Welcome to the twenty-third post of the Great Writing Challenge of 2012.
Five days a week for six months, I will be given a topic to write about. The stipulation: it must be 250 words (or more), and positive in tone.
If you would like to suggest topics for me to write about, please email me at TheRebeccaProject [at] gmail [dot] com.
Walk into any beauty store, and you’ll find lotions and potions and paint and perfume for anything and everything.
But when did we start needing all of this stuff?
And does anyone ever finish eyeshadow?
Make up: is it self empowering or simply false advertising?
[Source: Pinterest]
I think it’s both, and maybe the pendulum swings. I knew East Coast girls in college here who reapplied their make up before bed, and arose earlier than their mate to reapply for a ‘fresh morning look’. Seriously. For me, that’s taking things too far. Plus, if you never let people see the unmade-up you, then you won’t ever get compliments, right?
Recently, I sat down one Friday night and put on some makeup just for enjoyment. I went for something a little dramatic, and with just four products, I was able to change the way I look. It was empowering. I could be whomever I wanted to be. Maybe make up is a way for us to align our outward-facing self with our inward-facing self.
My skin is naturally a little oily in parts and a little dry. It’s neither fair nor olive. I have the scars from a summer holidays enjoying chicken pox, aged 9. Purple rings under my eyes deepen in colour and depth with each year that passes. Plenty of freckles from a lifetime in the harsh Australian sun, and the lines from 31 years of laughter. These are the things that make me who I am. So why do we want to cover these ‘flaws’ up? In some respects, I think by caking my face in creams and colours, I am wearing a veil of my own.

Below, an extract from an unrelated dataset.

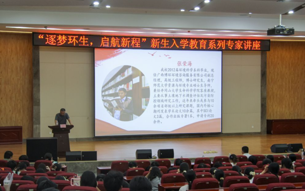 在武鸣校区图书馆一楼报告厅举办“逐梦环生,启航新程”新生入学教育专题讲座。本次活动由学院党委副书记刘启满主持,特邀我校优秀毕业生、资源与环境专业研究生导师、现任广西博环环境咨询服务有限公司副总经理的张荣海担任主讲。张荣海校友主要从事土壤地下水调查评估及污染防控领域研究工作,近年来牵头或参与10余项省部级以上研究课题,国内外核心期刊发表学术论文10余篇,其中SCl论文3篇,合作出版专著1本,申请专利20余件。此次应邀到来,主要以亲身经历为师生分享成长故事与职业感悟。党委副书记刘启满、环境工程系主任王鑫宇、梁洲辅教授、研究生班主任莫莉萍等教师代表、25级研究生新生、本科各班代表共同聆听了这场精彩讲座。

Here’s the conundrum: I am woman trying to get comfortable in her own skin. I don’t like the time, effort or outcome of making myself up fully. But here in the US, more than any other place I’ve ever lived, there is real pressure to not look like an old hag. It makes me feel I need the primer, the 24 hour kiss-proof lipstick, the waterproof mascara…
What do you think? Is make up a tool for self empowerment or simply false advertising?